There is no arguing that growth stocks, and in particular technology stocks, have taken it on the chin over the last several weeks, and it is fair to say that the beatings could continue until morale improves – particularly if one contemplates that the economic and market conditions we are facing will likely continue. It is clear at this point that the economy, particularly in the U.S., has entered a new phase. While saying we are now in a post-pandemic world seems overly optimistic, many have accepted that the challenges presented by COVID-19 will be present for the foreseeable future, and we must now deal with the aftermath.

The most pressing concern in this new environment is inflation. There is no denying that prices for producers and consumers are rising at a faster pace than the global economy has experienced in over a decade. Initial analysis pointed to massive supply disruptions as production ground to a halt last year, laying bare the susceptibility of producing goods that require intricate planning and almost perfect execution - from factory to port to arrival on our doorstep. In addition, fiscal and monetary stimulus against the backdrop of a rapid downshift in consumer spending yielded an increase in wealth that is now being plowed back into goods, services, and of course, stocks.

And whether it is transitory, semi-transitory, or truly persistent, the Fed and other central banks are feeling the heat. The days of bond buying will come to end at some point next year, and rate hikes will follow. As a result, the assets that performed so well in days of low growth and low rates are ceding their leadership to companies that are positively correlated to higher input costs, such as energy and materials, and those that stand to benefit from higher rates, such as financials. The caveat is that in an environment where the economy moderates back to its pre-pandemic rate of growth, inflation is likely to ease as well. And companies in sectors such as technology and health care will continue to innovate, delivering earnings growth that will likely outpace the global economy, offsetting the short term benefit enjoyed by cyclical names in this environment.

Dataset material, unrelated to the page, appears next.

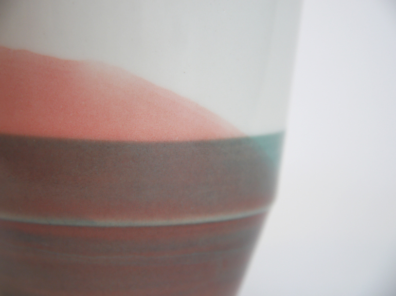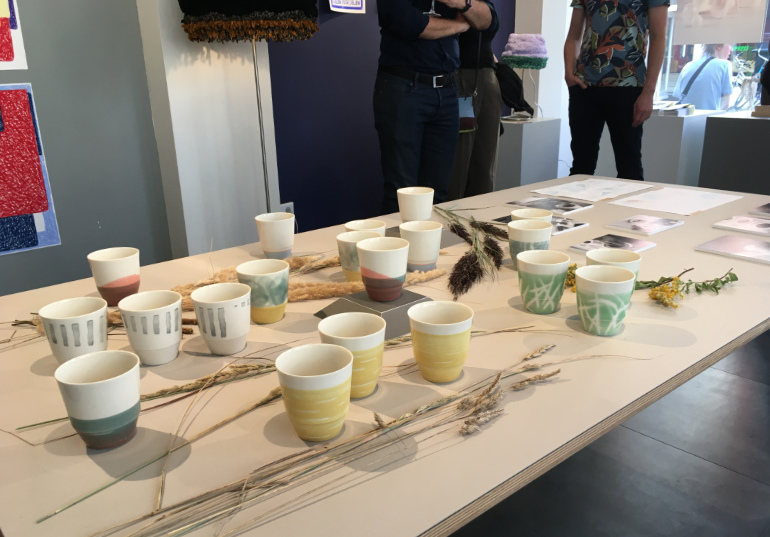De expositie was een mooie aanleiding om een idee, waar we al langer mee rondliepen, tot een eindresultaat te brengen. We zijn geïnspireerd geraakt door 5 kleine schilderijtjes ‘Weggeschilderd landschap’ van kunstenaar John van de Rijdt. Geïnspireerd door zijn schilderijtjes experimenteerden we met decoraties op een kopje.

Identifying companies that are growing their earnings through higher revenues based on delivering products and services that expand share or spend should be the assignment, regardless of what sector or style those companies fall into. Attempting to time rotations such as the one we are experiencing is incredibly challenging, and require a longer term horizon – which is exactly what growth companies focus on.

What we’re watching

From concerns that the U.S. was entering a deflationary spiral to overblown fears of hyperinflation in just two years, the real story lies somewhere in the middle.

Central banks globally spent decades fretting about hyperinflation, and then spent the last decade worried that prices would be stagnant or decline during the foreseeable future. Prices for goods and services are higher, but the increase is likely to moderate, creating a foundation for a more normal inflationary environment.